Er fügte hinzu, der Ausschuss empfehle eine Harmonisierung zwischen dem Stammgesetz des UHWI und dem Customs Act, um jegliche Zweifel auszuräumen.
„Aber selbst ohne diese Harmonisierung könnte sich das UHWI nicht damit verteidigen, was es getan hat", sagte er.
Die AuGD-Sonderprüfung beim UHWI förderte einen systemischen Zusammenbruch der Beschaffungsstandards zutage, deutlich geworden an nicht dokumentierten Verträgen in Höhe von 521 Millionen Dollar und am Missbrauch des Steuerbefreiungsstatus des Krankenhauses durch vier private Unternehmen. Diese Enthüllung hat eine hochrangige behördenübergreifende Untersuchung ausgelöst und massiven politischen Druck auf den JACDEN-CEO und Parlamentsabgeordneten Dennis Gordon erzeugt, zurückzutreten.

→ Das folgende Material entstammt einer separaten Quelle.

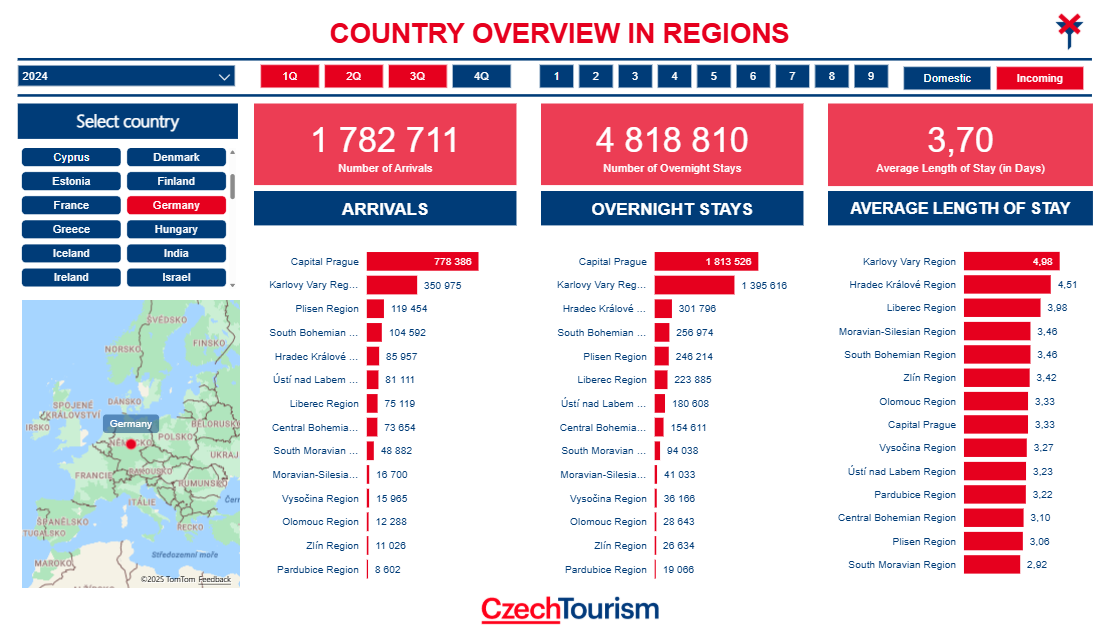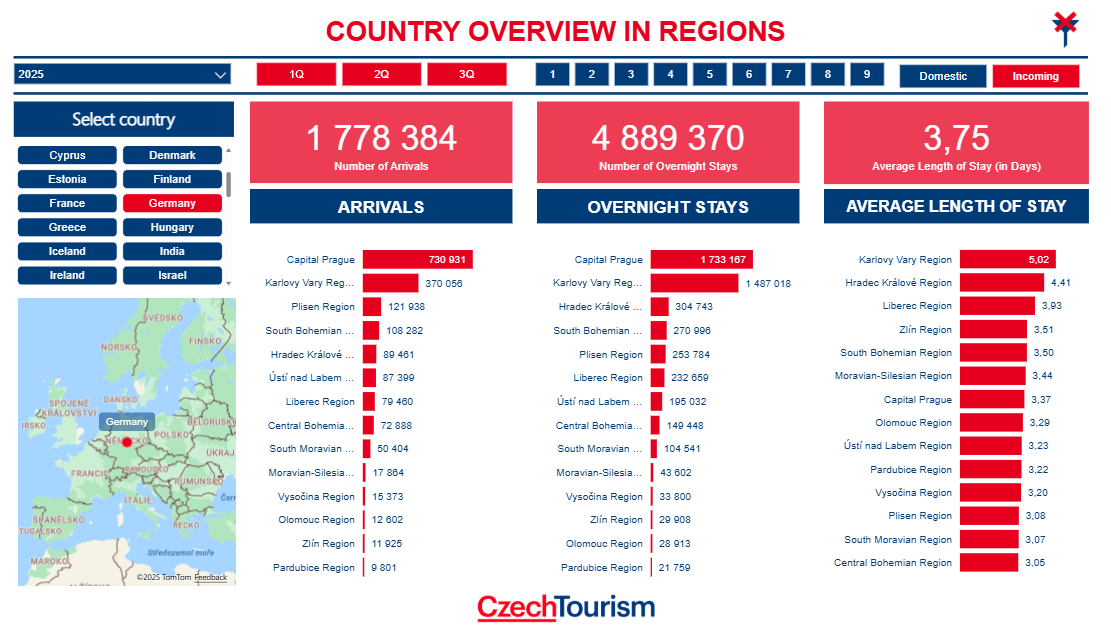 Die Hauptstadt Prag hat im Jahresvergleich niedrigere Zahlen verzeichnet, andere Regionen haben sich über einen Zuwachs gefreut. Zu den meistbesuchten gehören traditionell die Nachbarregionen (Karlsbad, Pilsen, Südböhmen, Ústí) und die Riesengebirgsregionen Liberec und Hradec Králové. Weiter folgt die Region Mittelböhmen um Prag und danach folgen die mährischen Regionen im Osten der Republik, mit der Weinregion Südmähren an der Spitze.

Bei den vier identifizierten Unternehmen handelte es sich um JACDEN Group of Companies (JACDEN Limited), Supreme Laundry Services, Scientific Medical Services und Willman Sales Company Limited. Dem Bericht zufolge führte die Nutzung des Steuerbefreiungsstatus des UHWI zum Import dieser Waren zu Zollausfällen von mehr als 20 Millionen Dollar. Mitchell, der den Bericht vorstellte, wies darauf hin, dass der UHWI Act dem Vorstand des Krankenhauses gestatte, mit nur sehr geringen Einschränkungen Waren ohne Entrichtung von Zöllen auf die Insel einzuführen.
„Es wird weder festgelegt, um welche Art von Gegenständen es sich handelt, noch werden Bedingungen genannt, unter denen die Einfuhr erfolgen kann. Es bleibt der Vorstellung überlassen, dass diese Gegenstände vermutlich für den Gebrauch im Krankenhaus bestimmt wären.
„Das ist also ein Bereich, der Schaden angerichtet hat … denn wenn man eine Tür offen lässt, wird daraus mit der Zeit eine Autobahn. Und genau das ist geschehen, und das müssen wir dringend angehen", sagte er.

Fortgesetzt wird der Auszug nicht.